“Edigar, o Brasil não é um país sério”. A frase, tantas vezes repetida e frequentemente atribuída de forma equivocada a Charles de Gaulle, nasceu de um comentário amargo feito por um diplomata brasileiro, Carlos Alves de Sousa Filho, ao jornalista Luís Edgar de Andrade, durante a "Guerra da Lagosta". Décadas depois, ela retorna não como provocação estrangeira, mas como diagnóstico interno, reforçado por dados, sentenças judiciais e escândalos que se acumulam sem constrangimento.
O Brasil registrou, em 2024, a pior nota e a pior colocação de sua história no Índice de Percepção da Corrupção da Transparência Internacional. Foram 34 pontos, muito abaixo da média das Américas e do mundo. Não é opinião, é estatística. Não é retórica política, é leitura internacional sobre a credibilidade das instituições brasileiras.
Esse retrato não surge no vácuo. Ele se confunde, de maneira cada vez mais evidente, com o período em que a esquerda brasileira passou a comandar o país, especialmente sob o terceiro governo Lula. Os dois maiores escândalos recentes, o rombo bilionário no INSS e o caso da fraude no Banco Master, explodiram justamente no Lula 3, reforçando a percepção de que a corrupção deixou de ser episódica e passou a operar como sistema.
A sucessão de fatos é eloquente. O escândalo previdenciário, ainda em apuração, aponta para uma engrenagem que envolve políticos, empresários, servidores e agentes públicos, com prejuízos gigantescos ao erário e a mais de 6 milhões de velhinhos do INSS. Já o colapso do Banco Master expôs um lamaçal que enlameou o sistema financeiro, alcançando figuras do Executivo, do Legislativo e do Judiciário. Não são acusações retóricas, são investigações em curso e fatos amplamente noticiados.
Nesse contexto, a condenação da EMS, maior farmacêutica do país, e do Instituto Vital Brazil, surge como mais uma peça desse quebra-cabeça institucional. A Justiça Federal reconheceu que uma Parceria para o Desenvolvimento Produtivo com o Ministério da Saúde fracassou em seu objetivo central, a transferência de tecnologia, mas mesmo assim consumiu centenas de milhões de reais em pagamentos acima do preço de mercado. A juíza foi taxativa ao falar em “enriquecimento sem causa à custa do erário público”.
Entre 2012 e 2018, o Ministério da Saúde desembolsou mais de R$ 511 milhões por medicamentos contra o câncer, pagando valores até 484% superiores aos praticados após o fim da parceria. A justificativa era técnica, mas o resultado foi político e financeiro, o Estado pagou caro, o parceiro privado recebeu, e o interesse público foi negligenciado.
No sistema financeiro, o cenário é igualmente perturbador. Fundos ligados à Reag, empresa liquidada pelo Banco Central, declararam bilhões de reais em participações associadas a CNPJs inexistentes, os chamados “emitentes gerais”. Um detalhe técnico? Não. Trata-se de uma distorção grave em um mercado que depende de confiança, transparência e rastreabilidade.

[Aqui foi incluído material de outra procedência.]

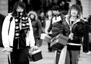昨天8時,北京城市學院考點前已擁擠著近百名冒著嚴寒陪考的家長,一些手提畫板、顏料盒等繪畫用具的考生陸續(xù)走進考點。據(jù)了解,網(wǎng)上報考美術類專業(yè)的考生為7130人。首都師范大學、北京工業(yè)大學、北京服裝學院、北京城市學院4所高校設有考場。

É nesse ambiente que uma frase antiga ganha contornos quase proféticos. O atual vice-presidente, Geraldo Alckmin, afirmou no passado que Lula queria “voltar à cena do crime”. À época, a declaração causou desconforto e foi tratada como exagero retórico. Hoje, à luz do que se vê no INSS, no sistema financeiro e nas parcerias bilionárias mal explicadas, a frase soa menos como provocação e mais como advertência ignorada.
No terceiro governo Lula, a corrupção não aparece como desvio isolado, mas como fenômeno recorrente, que atravessa áreas sensíveis do Estado, Saúde, Previdência, bancos, fundos de investimento. A repetição é o que mais chama atenção. Não se trata de um caso, mas de um padrão que mina a credibilidade institucional e compromete a imagem do país no exterior.
Enquanto isso, o Brasil afunda em rankings internacionais, perde confiança de investidores e assiste à normalização do escândalo. Tudo vira disputa narrativa, tudo é relativizado, tudo é politizado. O essencial, a proteção do dinheiro público e a integridade das instituições, fica em segundo plano.
Talvez o maior problema não seja a frase em si: "Edgar, le Brésil n'est pas un pays sérieux" (Edgar, o Brasil não é um país sério), mas o fato de ela continuar fazendo sentido. Enquanto corrupção, poder e impunidade caminharem juntos, o Brasil continuará explicando ao mundo por que não consegue ser levado a sério. E essa explicação, cada vez mais, tem endereço político claro.